グローバル人材になるというのはどういうことか。
英語ができるということではないと思います。

では、グローバル人材の定義とは、、、
いろいろと書籍もあるし、ビジネス誌などでいろんな人がコメントされています。
私は、渥美育子さんの「世界で戦える人材」の条件という本が比較的参考になると思っています。

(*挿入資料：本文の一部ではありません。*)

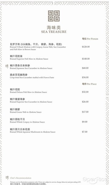 For pictures and full review, pls visit:http://madamechewy.com/2014/07/16/taste-paradise-dim-sum/During lunchtime on weekends, it’s the norm to spot crowds lingering at the entrance of award-winning Taste Paradise. The interior is grand; it simply looks like no expense has been spared to make this place look as opulent as it can be. Occupying the span of an entire wall are life-sized portraits of China’s illustrious Qing emperors.Generally, Taste Paradise’s dim sum are excellent in quality, with a handful of drool-worthy items what I shall describe in more detail. We had quite a number of dim sum so here goes!I can’t say no to anything fried!Crispy Spring Roll with Smoked Duck Meat ($4.80). Amongst the fried dim sum, the spring roll stood out from crowd, thanks to its aromatic savory duck stuffing. Plus, the skin is so crispy you can hear the crunch in your head!Deep-fried Prawn in Bean curd skin roll ($5.80).Deep-fried Taro Puffs with Diced Chicken and Prawn ($4.80) was well-fried, not at all oily, and packed with filling.Deep-fried Prawn Balls with Almond Flakes ($5.80). Loved the combination of springy prawn balls, crunchy almond flakes and burst of flavor from the caviar.Deep-fried Prawn with Mango Roll ($5.60) was a tad too oily.Steamed morsels will now take centre-stage.Ahhh…my one true love- Liu Sha Bao. Pillow-y buns encasing intensely-flavored salted egg yolk custard that oozed endlessly. I always order 2 baskets of Taste Paradise’s Steamed Custard Bun ($5.80).Steamed Prawn Dumpling “Har Kau” ($5.80) and Steamed Pork Dumpling “Siew Mai” ($5.80) were ok, nothing to shout about. Royal China’s Har Kau scored better compared to Taste Paradise for fresher, juicer and larger prawns.Steamed Bean curd and Bacon with Black Truffle Sauce ($5.80).Steamed BBQ Honey Pork Bun ($4.50). Peel open the light and fluffy bun to reveal chucks of lean pork meat which were not overly sweet.For something more filling, Steamed Glutinous Rice with Chicken wrapped in Lotus Leaf ($4.60) is your best bet. The glutinous rice was sufficiently steamed and hence soft and lightly sticky.Baked BBQ Honey Pork Bun ($5.40) is a bit of a misnomer. I believe most would expect smooth brown buns instead of snow-capped ones like these. A better name would be Polo baked BBQ Honey Pork Bun. These addictive buns are a combination of sweet, savory, crispy and crumbly.Bite-sized Mini Egg Tarts ($4.20) were satisfactory- wobbly egg custard nesting in flaky puff pastry.Beautifully flavorsome, slightly spicy and ethereally soft is the XO Carrot Cake ($7.80). The dish just the right amount of bean sprouts for contrasting crunch. Taste Paradise’s XO carrot cake is the best I have had so far. A must order!Steamed Cheong-fun with Dough Fritter ($4.80)Steamed Cheong-fun served with Deep-fried Eggplant and Minced Pork ($5.80) looks aesthetically alarming. The rice roll’s pink tinge reminded us of red/pink plastic bags from convenience stores. The eggplant and mince pork filling was moist and tasty; personally, I wasn’t too fond of this itemBaked Fillet of Cod with Chef’s Miso Recipe ($16/portion), one of Taste Paradise’s signature dishes, easily won me over. The melt-in-the-mouth cod tasted slightly fatty and saccharine at the same time. I’ve got to hand it to the chef for the splendid miso paste, which was a fine companion to the firm and flaky cod. This dish is part of the main menu and is available during lunch and dinner.I love dramatic entrances!Chilled Mango Puree with Sago and Pomelo topped with Coconut Ice cream ($6.80) – a luxe rendition of the popular dessert.Mention-worthy is the Chilled Avocado Puree topped with Coffee Ice cream ($6.80) – a unique combination, which worked execeptionally well. A must try!You can count on Taste Paradise for consistent fine quality dim sum. On weekends, dining here is a harried affair as there are 3 seatings (11am, 12.30pm, 2pm) and diners need to vacate their table 15 minutes before the next time slot. Reservations is a must if you do not wish to be turned away.Taste Paradise used to be my go to place for dim sum, but not anymore because of a recent unpleasant experience. Because diners in the first seating were late, we had to wait for 30 min for our table, despite having a reservation. I don’t mind waiting for 15 mins, but half an hour is ridiculous.…查看更多

以前に自分の部下たちに「グローバル人材」について講和をしたときのメッセージのポイントをまとめておきます。

 

国際競争力

globalcomparison

競争力指数=売上高営業利益率x世界シェアx100(出展:日本機械輸出組合)

いくつかの実例

 

  • この20年間でフォーチュンGlobal500社の中の日本企業数が4割減
  • GDPが中国に抜かれ世界第3位に
  • 日本の電機メーカーの長期低迷
  • ドイツ人上司のひとこと「日本っていつも特別なんだな。」(私の実体験)

グローバル化の誤解

 

英語力、コミュニケーション (50%以上の人がこう答える)

グローバル化とは

 

世界共通の価値(グローバルスタンダード)を理解し、世界の変化に連動し、多様性(各国への対応)を理解しつつ、日本の良さを生かして、世界でビジネスをしていくこと

日本のDNA

 

良いところ
  • モノ作り
    品質へのこだわり、魂をこめる
  • チームワーク
    あ・うんの呼吸、気配り
  • 人間関係
    お客様は神様
悪いところ
  • 英語力
  • 意思決定が遅い
    持ち帰って検討、コンセンサスで決定 世界の変化と連動していない
  • 横並び主義、減点主義
    チャレンジしない
  • 極度に進んだ分業
    個が伸び悩む、当事者意識の欠如
  • 意外に弱いIT

悪いところを認識することも重要だが、良いところを更に生かすことも重要

グローバル人材になるために

文化の世界地図を理解する 世界は4つの文化コード(文化の世界地図:渥美育子)
  • 法的規範 : ルールが社会の中心。アメリカ、カナダなど
  • 道徳的規範 : 人間関係重視。日本、アジア、カトリック系
  • 宗教的規範 : 強い団結力。イスラム圏
  • ミックス : 2つ以上の文化が混在。
世界で統一されたルールを重視
  • 米国でのトヨタのリコール
  • 矢崎総業、デンソーの米国での独禁法違反
  • 2012年1年間で日本企業が支払った罰金:約2200億円

英語教育だけでなく、先進国、新興国でのグロールビジネス展開の成功事例、失敗事例を学習することで、文化のギャップや統一基準を理解する。

変化(イノベーション)を起こす人

当事者意識を強める
  • 常に“私が”を主語で話す(→主語があいまいな日本語?)
  • コミットする(→目標面談でコミット意識向上)
  • 自分で決める
熱烈な好奇心が変化を生む
  • イノベーションは強い好奇心から生まれている→好奇心は“なぜ”の繰り返し
  • 新しい課題を自ら作り出す→“課題を見つける”から“あえて作る”
情報戦略で知識を広げ活用する
  • どんな情報を取れば決定できるかを考えて情報をとる
  • “なぜ?”を考えて情報収集する→いつも本質を考える

危険がいっぱい:チェックリスト

すべてを知る必要の無いエンジニアの悲劇
  • システムが複雑化して、エンジニア一人一人の役割が低減
  • 機能組織による効率追求で専門分野の細分化
  • 深い深い井の中の蛙
  • すべてを知らない先輩から、教えられる悲劇
  • XXの専門家といわれる危険
組織に埋没し、飼い殺しにされる危険
  • 雑用ばかりの新人時代
  • あれはやったか?これは済んだか?の教育ママ的監視
  • 上司の指示通りに動いていればいいという暗黙の理解
  • 上司からの指示がなければ何をしていいかわからない中堅社員
会社に自分の人生を決めさせている危険
  • 受身のままの会社生活での時間の無駄
  • 自分の将来に対して戦略をつくる
  • 自分の市場価値を理解する
    レジメを書いてみる
    自社の同期入社がライバルではない。アップル、サムスンにいる同世代は何をしている?